Why the coming fight over state aid is going to be a big deal

Democratic leaders will continue to push for greater federal support for state and local governments. The White House really ought to listen.
Image: Andrew Cuomo
Andrew Cuomo, right, walks the corridor of a nearly completed makeshift hospital erected by the U.S. Army Corps of Engineers at the Jacob Javits Convention Center in New York, on March 27, 2020.Darren McGee / Office of Governor Andrew M. Cuomo via AP

In the latest economic aid package, which cleared the Senate late yesterday, Democrats got a lot of what they asked for. The bill includes improvements to the Paycheck Protection Program, for example, as well as funding for hospitals that Republicans were originally prepared to delay. From a progressive perspective, there's no denying the final version is a considerable improvement on the alternative pushed by GOP leaders last week.

But there was one key priority that didn't make the final bill: aid to states and municipalities. Republicans deemed this a "non-starter" and wouldn't budge. Fearing a collapse of the process, Democratic leaders yielded on this point, leaving little doubt they expect to return to it in the next round of talks.

But before that process gets underway, an unanswered question hangs overhead: shouldn't Republicans agree with Democrats about the importance of aiding cash-strapped states?

The policy implications should be obvious to everyone involved: state and local governments are facing catastrophic conditions, not just in the health care sector as medical providers struggle to keep up with the pandemic, but also with overwhelmed unemployment systems and a dramatic loss in tax revenue. The more Republicans at the federal level resist throwing states and municipalities a lifeline, the more states -- which cannot legally run deficits -- will have to slash public services and public-sector jobs, even as the White House expects them to take the lead on a variety of critical fronts.

The impact on the economy -- in an election year -- should be obvious. For Donald Trump, who is desperate to see shuttered states re-open, this shouldn't be an especially tough call.

With this in mind, the president signaled last week that he's open to increased state aid, and he made related comments to New York Gov. Andrew Cuomo (D) at the White House yesterday. According to Senate Minority Leader Chuck Schumer (D-N.Y.), Treasury Secretary Steven Mnuchin made similar commitments to Democratic leaders this week.

So what's the problem? If there's so much agreement, why did the GOP refuse to include state aid in the latest package? Politico had this striking item earlier this week:

Senate and House Democrats have been pushing hard in negotiations for $150 billion in funds for state and local governments to pair with the hundreds of billions the administration wants in small business lending. But the White House and Trump Administration have been holding out because, in part, they believe if Congress keeps cutting checks for state and local governments, they will be disincentivized to open up their economies.
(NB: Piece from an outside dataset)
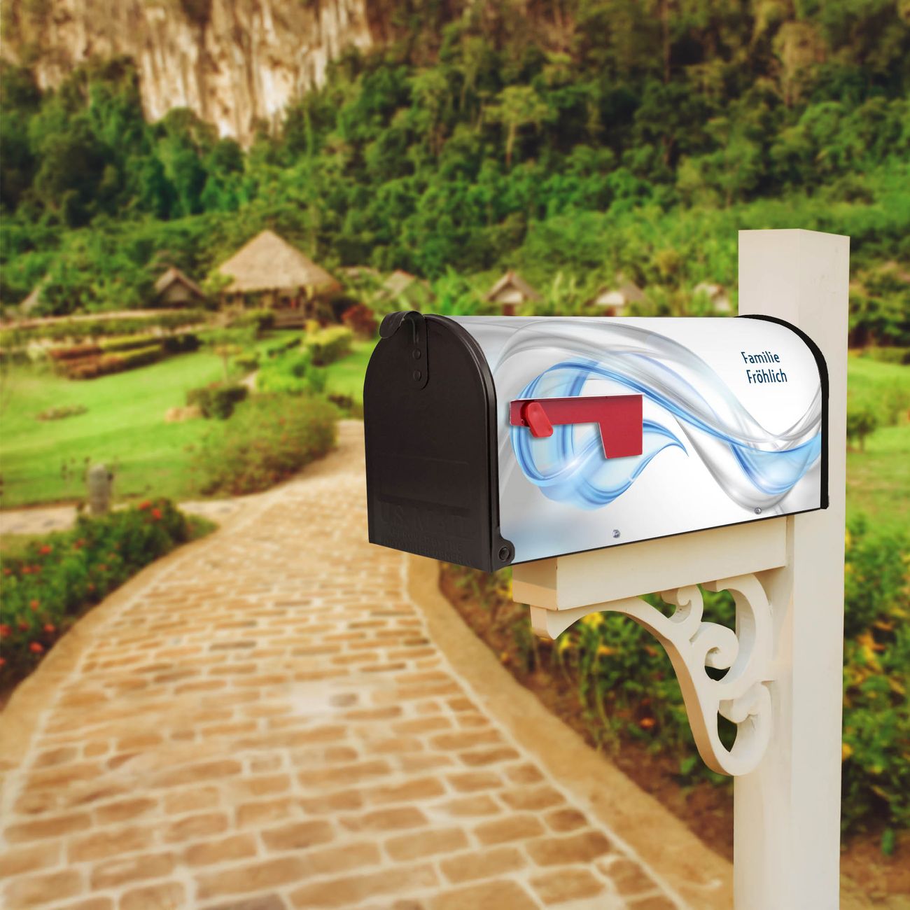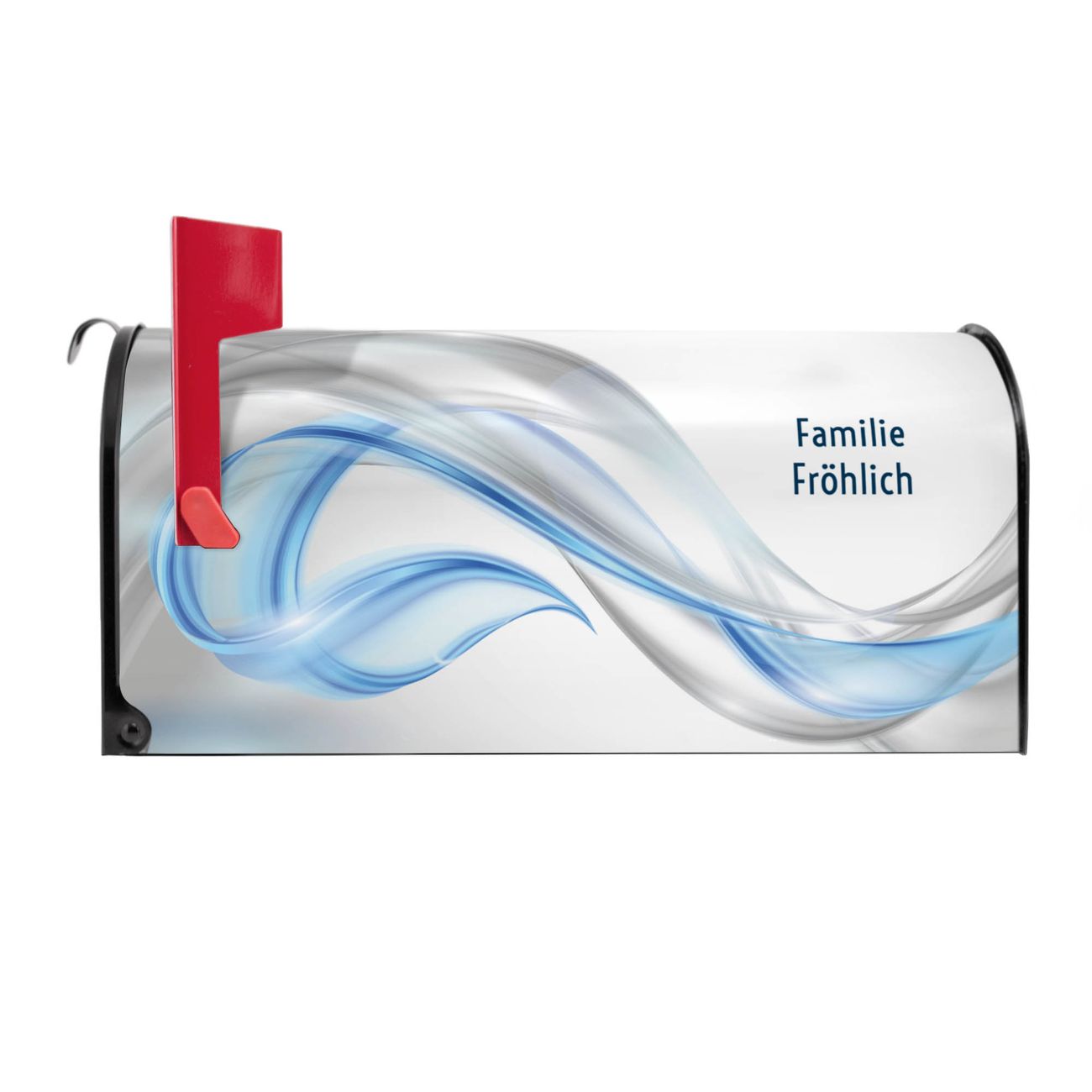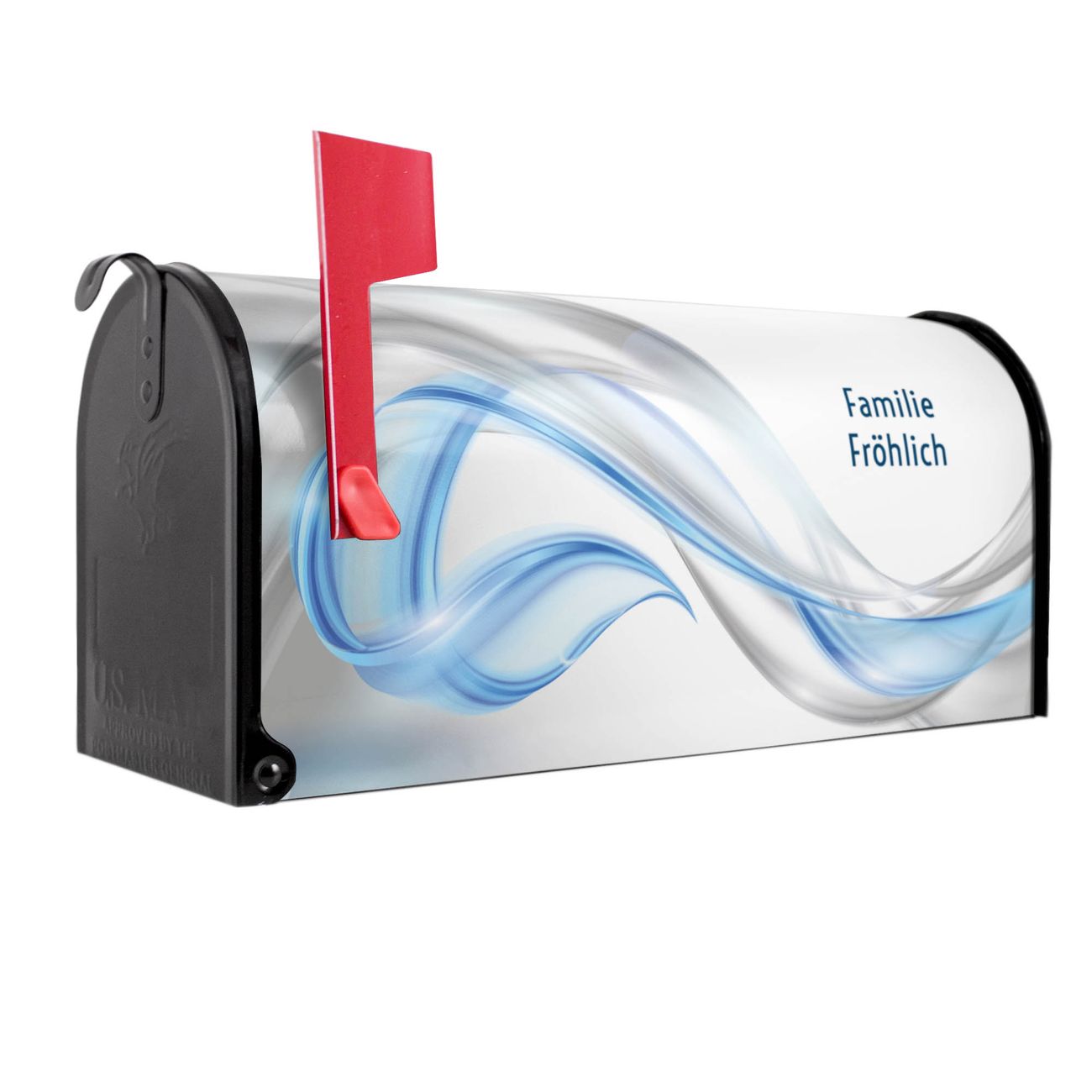 Der amerikanische Briefkasten von banjado mit Blauer Schleier Motiv bietet Ihnen ausreichend Fassungsvermögen, um große A4 Sendungen und Zeitschriften zu empfangen. Die typisch amerikanische rote Fahne zeigt Ihnen an, wenn Sie Post erhalten haben. Die US-Mailbox besteht aus verzinktem Stahlblech welches lackiert wurde und ist 48 x 22 x 16 CM (BxHxT) groß. Die Folie mit Motiv Blauer Schleier besteht aus einer wetter- und UV-resistenten Folie, die mit einem Schutzlaminat überzogen ist, sodass die US Mailbox zusätzlich vor Kratzern geschützt ist. An der Unterkante sind 4 Löcher je Seite um die Mailbox, typisch amerikanisch, an einem Holzpfahl oder einem Zaun zu befestigen. Auf Wunsch können Sie bei uns den passenden Standfuß oder die passende Wandhalterung kaufen um die US-Mailbox sicher zu befestigen. Wir bieten Ihnen ebenfalls Namensschilder, bereits beschriftet oder frei zu beschriften, und verschiedene selbst gestaltete Bitte-Keine-Werbung-Aufkleber.

The same day, Axios had a similar report:

The thinking among some Trump administration officials is that many states should be reopening their governments soon and that additional funding could deter them from doing so.

If the reporting is accurate, the position is awfully tough to defend. In effect, Team Trump is looking at state aid as leverage over governors and mayors.

It's a posture that's likely to backfire on the president, either through worsening economic conditions, worsening public-health conditions, or both.